Tag Archives: Dominique Sanda

Cabo Blanco (1980)

By Richard Winters

My Rating: 4 out of 10

4-Word Review: Search for sunken treasure.

Giff (Charles Bronson) is an American living in the small fishing village of Cabo Blanco, Peru where he runs a cafe/bar just after the end of WW II. It is here that he becomes inadvertently embroiled for the search of sunken treasure somewhere off the coast where one searcher dies mysteriously while looking for it. Captain Terredo (Fernando Rey) the local police chief insists that the death was an accident, but Giff disagrees and becomes even more suspicious with the arrival of Marie (Dominique Sanda). Terredo almost immediately begins insisting she must leave the village at once convincing Giff that she must hold the secret.
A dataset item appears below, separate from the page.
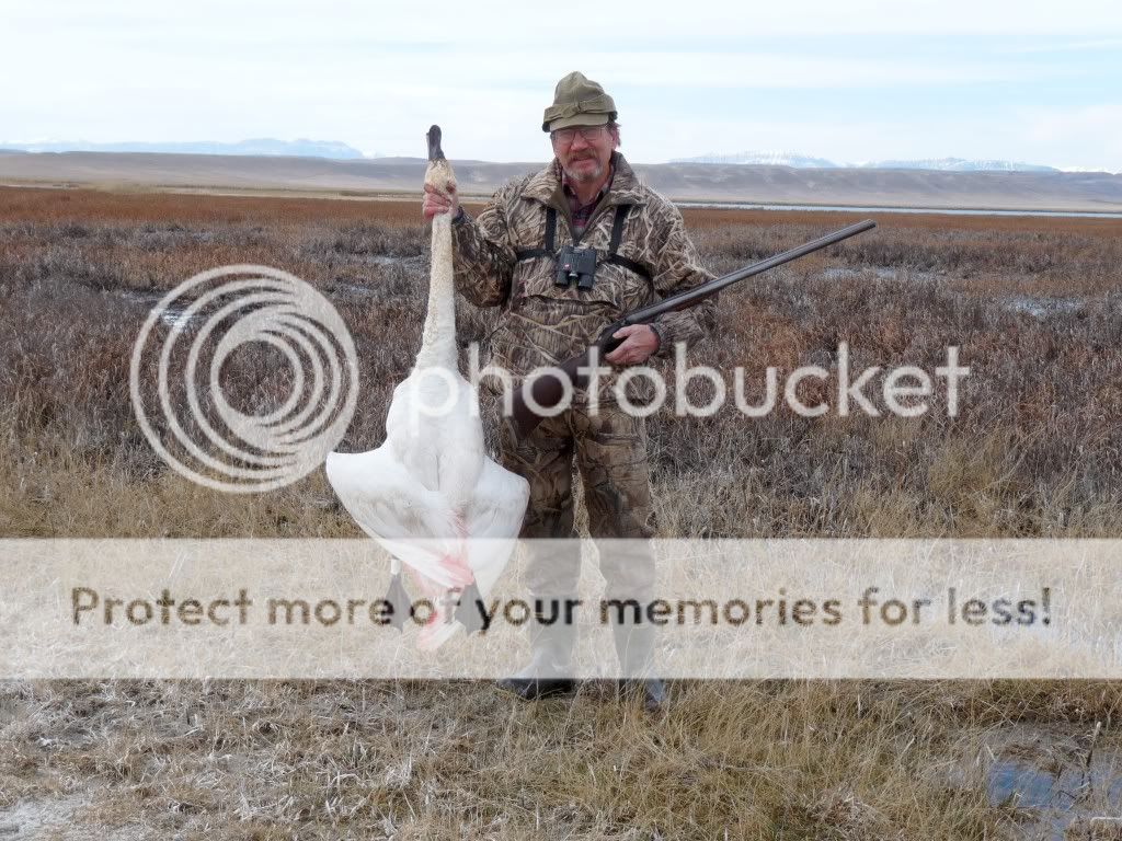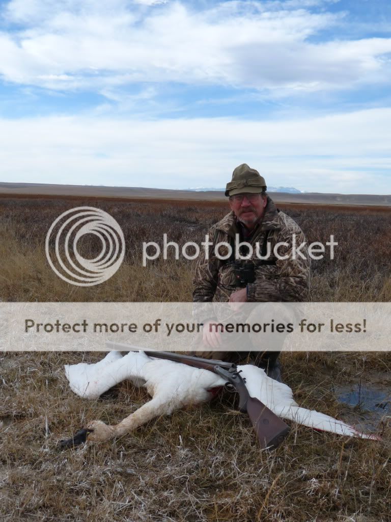 About a year ago, I started reading DGJ and got the itch for a blackpowder era shotgun. I have been shooting BPCR for years. I purchased a 12 gauge Parker Hammer gun made in 1883. I did this rather blindly, but the gun proved to be tight with clean chambers, even though it had a moderate amt. of pitting in the barrels. I wanted it for duck hunting. Then, I was lucky to draw a swan tag for Montana, and that began the quest to take a swan with a blackpowder load. So, the search began for suitable non-toxic shot, and with the help of this forum, I came up with a duck load using #5 bismuth and a Swan/goose load using #2 Nice shot. The load was 3.5 drams 3F black powder/1 1/4 ounces #2 Nice Shot. Enclosed are a couple of pictures of me, the Parker and the swan I took. Thanks to you all, and DGJ, for getting the interest started and for the ultimate journey with the gun. Now I am thinking about 10 gauge guns .........
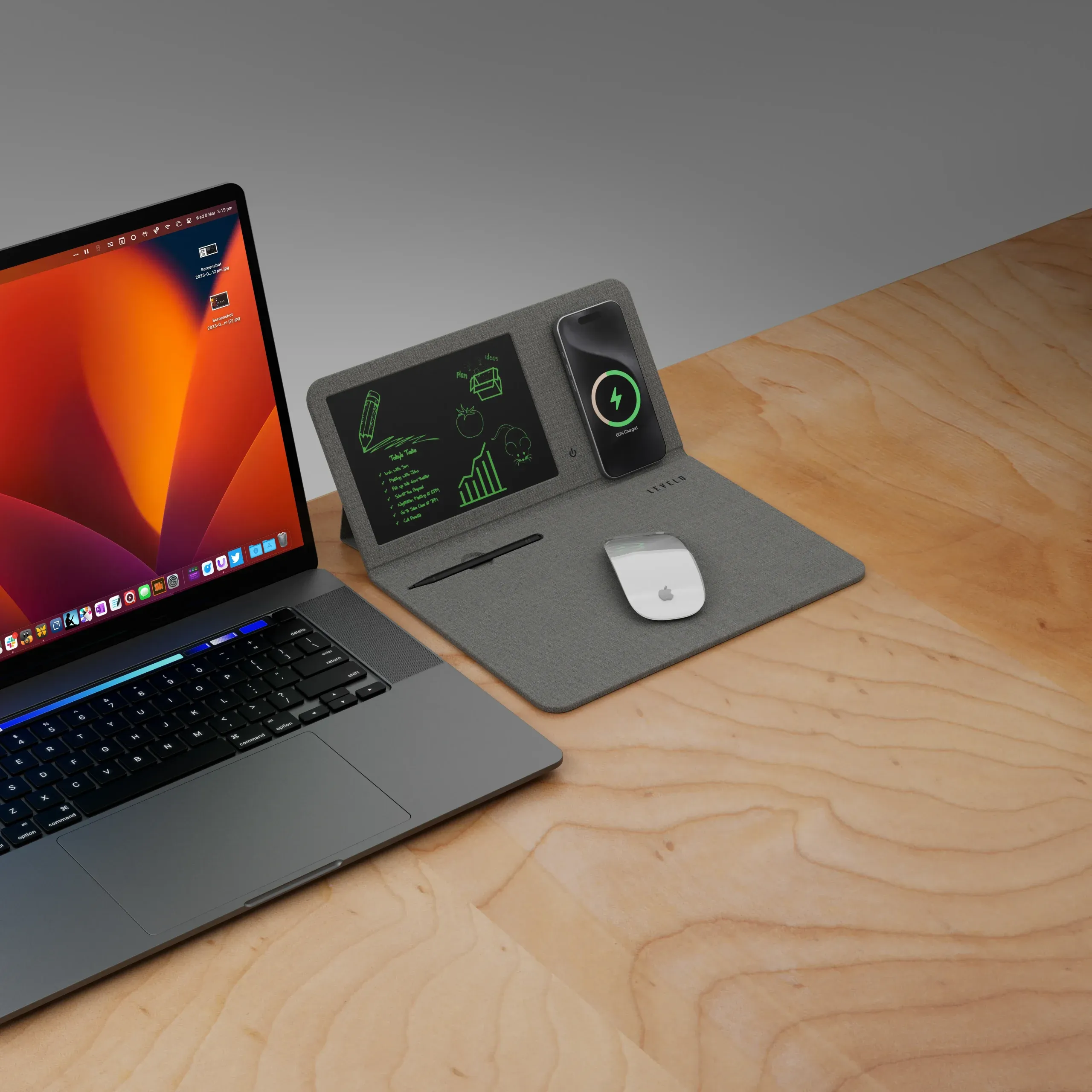 LEVELO POWERDECK MOUSE PAD WITH BUILT-IN BOARD & WIRELESS CHARGER – GREY

For a film starring Charles Bronson this thing is incredibly tame and non-violent. His name became so synonymous with action movies during the 70’s that you’re expecting that there be at least some of it here, but outside of a half-minute where Chuck clobbers a would-be assassin there is very little of it. I was also presuming that since the storyline did have something to do with sunken treasure that the cast would be on or in the water for most of the runtime, but after the first 5 minutes it becomes completely land-locked.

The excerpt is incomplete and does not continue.